Fine print: New technique allows fast printing of microscopic electronics
A new technique for printing extraordinarily thin lines quickly over wide areas could lead to larger, less expensive and more versatile electronic displays as well new medical devices, sensors and other technologies. Solving a fundamental and long-standing quandary, chemical engineers at Princeton developed a method for shooting stable jets of electrically charged liquids from a wide nozzle. The technique, which produced lines just 100 nanometers wide, offers at least 10 times better resolution than ink-jet printing and far more speed and ease than conventional nanotechnology.
"It is a liquid delivery system on a micro scale," said Ilhan Aksay, professor of chemical engineering. "And it becomes a true writing technology."
Aksay and graduate student Sibel Korkut published the results in Physical Review Letters. The paper also includes as a co-author Dudley Saville, a chemical engineering professor who initiated the project but died in 2006. The research was funded by grants from the Army Research Office, the National Science Foundation and NASA.
The key to the process is something called an "electrohydrodynamic (EHD) jet" - a stream of liquid forced from a nozzle by a very strong electric field. Such jets were first investigated in 1917 and are now commonly used in a variety of industrial processes. However, one of the main features of EHD jets is that the stream of liquid becomes unstable soon after it leaves the nozzle and either whips around uncontrollably or breaks up into fine liquid drops. Engineers have used these effects to their advantage in spinning fibers and in industrial electrospray painting, but the reason for the whipping instability, and thus any hope of stopping it, has been a long-standing problem.

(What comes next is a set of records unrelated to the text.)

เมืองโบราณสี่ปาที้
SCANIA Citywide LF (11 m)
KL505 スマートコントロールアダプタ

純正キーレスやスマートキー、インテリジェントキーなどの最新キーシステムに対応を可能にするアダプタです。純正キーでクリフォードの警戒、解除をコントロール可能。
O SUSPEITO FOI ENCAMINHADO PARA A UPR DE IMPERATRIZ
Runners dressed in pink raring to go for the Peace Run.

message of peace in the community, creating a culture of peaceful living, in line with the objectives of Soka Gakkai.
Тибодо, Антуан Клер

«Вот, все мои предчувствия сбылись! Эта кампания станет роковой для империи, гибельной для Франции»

In the early part of this decade, two researchers working independently - Princeton graduate student Hak Poon and Cornell University physicist Harold Craighead - found that the jet was stable for a very short distance after leaving the nozzle, but the result was still not practical and the reasons were still elusive. "To understand how to control the jet in any engineering application we had to understand why this was happening," Aksay said.
Korkut took up the challenge and worked for nearly six years to nail down the mechanisms at play. In the end, she found that a key factor was that the liquid jet was transferring some of its electrical charge to the surrounding gas, which breaks into charged particles and carries some of the electrical current. Korkut's predecessors and other scientists had looked only at the density of the electrical charges on the surface of the liquid jet.

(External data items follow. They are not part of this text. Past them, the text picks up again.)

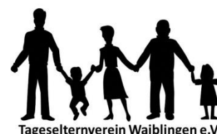
Tageselternverein Waiblingen e.V.
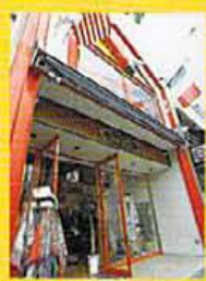
おなじみ派手なウエスタン・ブーツの外観。
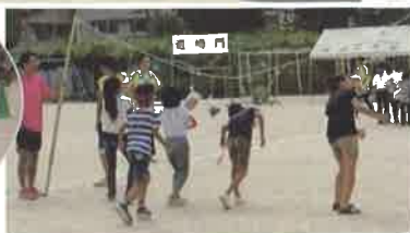
ふりまわされずに!
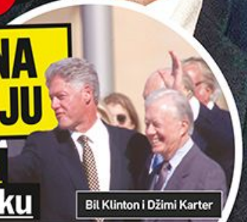
Bil Klinton i Džimi Karter
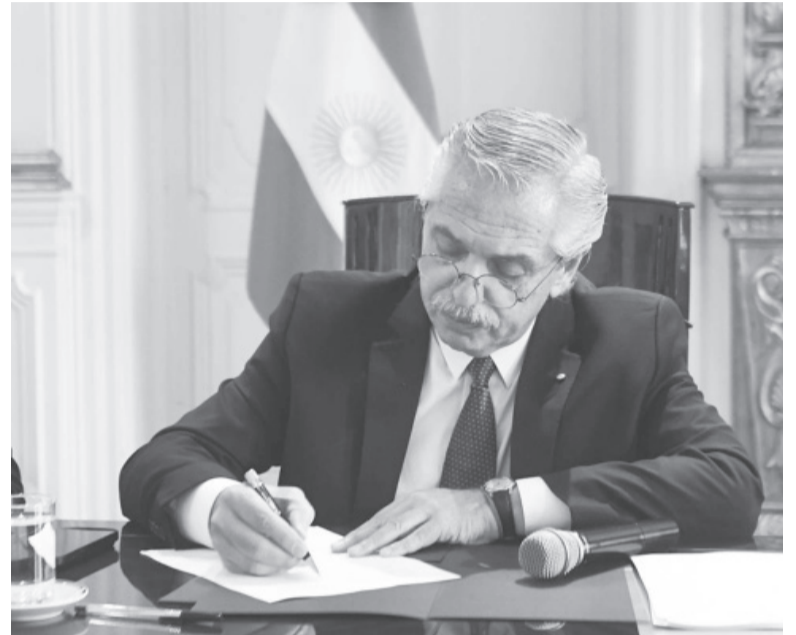
Decisión. Alberto Fernández encabeza la reunión.

El pedido de enjuiciamiento recién se podrá tratar cuando el Gobierno envíe la convocatoria a sesio-

Expanding her view of the system led Korkut to a simple way to control the stability of the jet by changing the gas and the amount of water vapor. She was able to produce an extremely straight and stable jet more than 8 millimeters from the nozzle. The result is highly practical not only because of the fineness of the stream but also because the large size of the nozzle and the distance from the nozzle to the printed surface will prevent clogs or jams.
Aksay said a chief use for the technique could be in printing electrically conducting organic polymers (plastics) that could be the basis for large electronic devices. Conventional techniques for making wires of that size (100 nanometers) require laboriously etching the lines with a beam of electrons, which can only be done in very small areas. The new technique can lay down lines at the rate of meters per second as opposed to millionths of a meter per second. Another application would be to use a liquid that solidifies into a fiber for making precise three-dimensional lattices. Such a product could be used as a scaffold to promote blood clotting in wounds and in other medical devices.
Princeton University has filed for a patent on the discovery and has licensed rights to Vorbeck Materials Corp., a specialty chemical company based in Maryland.